Jazlin stirred out of self-sense. “The kenlati will not harm us.” She spoke Nolfet, her tone matter-of-fact.
“You know everything, don’t you?” Mareya responded in Settler, just to be perverse.
Jazlin pulled up her knees and rested her forehead on them, arms wrapped around her legs. She didn’t look at Mareya. “No.”
“If that branch falls on me I’m going to carve it into a walking stick.” She glanced over, but Jazlin just sat there without saying anything. “Are you going to cotillion next year?”
“You should not have teased your mother-sibling so.” Jazlin lifted her head, the sharp white angles of her cheeks reddened by the sunset. Her gaze bit into Mareya. “To come of age is a matter of importance.”
“In Nolfetul, maybe! Here it’s a stupid dance.”
“Domita does not believe as you do, nor does your mother-sibling.”
“They’re stupid, too. Did you see Auntie’s face when I said Momma might send you a gown? For a minute she thought I was serious. Momma doesn’t even know you’re here–nobody in Bluford does.”
“You cannot know that.”
Did Jazlin have to argue with everything she said? “Sure, there’s probably all sorts of rumors. But it’s not like anybody important enough to make things happen has heard of you.”
Jazlin drew her hand across the matted grass at the edge of the poncho. “You borrow my name to disquiet your mother-sibling.”
Mareya made a rude noise. “What do you care? After what she did to Belhir?” She was sorry as soon as she said it.
Jazlin’s fingers dug into the soil, and her breathing slowed to that steady rhythm she used to control her greening. She took several breaths before answering in a low voice. “Your mother-sibling feared Belhir.”
Yeah, feared a kitten enough to poison her. Not that Dad or anyone else believed it, but Jazlin wouldn’t say she smelled poison in Belhir’s mouth if it weren’t true. “I don’t see how you can forgive her,” she said in disgust.
“No! I do not forgive.” Jazlin hugged her knees and shivered. “I understand.”
“That makes one of us. Some things are just plain wrong.” She scrambled to her feet. “You sit here and feel sorry for her. I’m going for a walk.”
* * *
Mareya’s presence receded, though the turmoil she had brought with her remained. It laced through Jazlin’s neck and shoulders, and coiled around her spine.
Mareya did not intend to trouble her with hurtful memories, and Mareya could not know how she longed for her own come-of-age ritual.
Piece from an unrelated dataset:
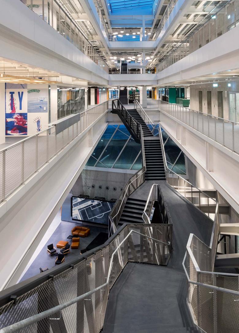 The heart of the ARENA building is the dramatic floating staircase in the atrium. Rising through the bright and spacious light well, it takes employees up to the three-story workspace section and offers exciting views into the atrium, across the open-air level out over the campus, and up to the office floors. A central “main street” links these three levels both vertically and horizontally to create a space akin to a lively marketplace suspended in mid-air. On each floor, the “main street” is adjoined by six kitchen hubs representing six “key cities” characterized by distinctive materials, colors, and types of furnishing to form individual addresses within the building. Work areas alternate with areas for formal and informal meetings and recreational zones. They are organized as variegated clusters around light wells of different sizes optimized to supply ample natural light.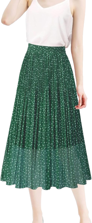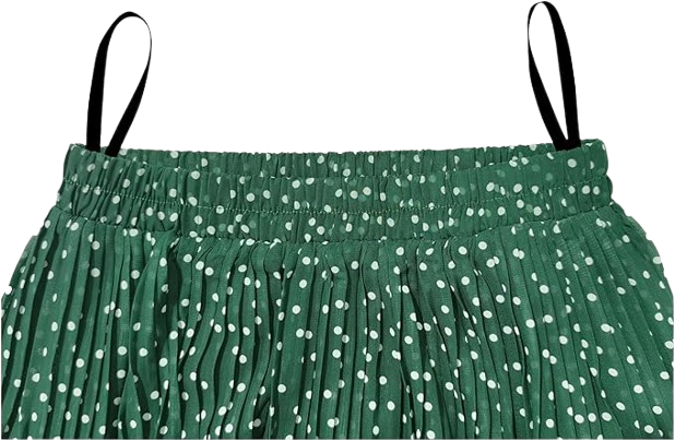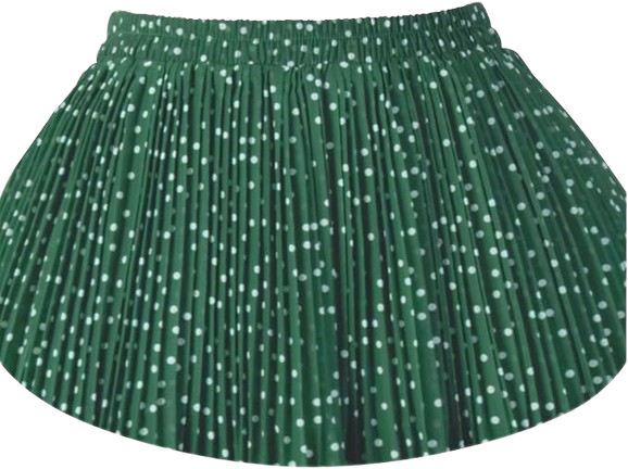 Add a touch of vintage charm to your outfit with this beautiful Green Polka Dot Pleated Midi Skirt. Featuring a soft, flowing silhouette with finely pressed pleats, this skirt captures effortless elegance and playful style. The dark green base is delicately dotted with classic white polka dots, giving it a timeless appeal perfect for both casual and semi-formal occasions.

But Mareya willfully borrowed her name to tease Miz Bernice–her name, a gift from her mother-sibling the kenal Nuril, and all that was truly hers. And Mareya cared little for her distress.
No cold-eyed snub or chant of “Jaz-a-lin, slimy skin” could ever slice her heart as Mareya’s offhand dismissal did.
She clutched the wet earth. “Belhirtan Filuran Jonitir Lortenik Rekantir Venagtir Gatafrin Helnatir Tanfarin Zaluken,” she murmured, naming the kenlati. Slowly, in gentle pulses, the tension seeped from her neck and shoulders to her fingers, and was swallowed into the soil. “I thank you.”
The kenlatik’s broad branches swayed an acknowledgement.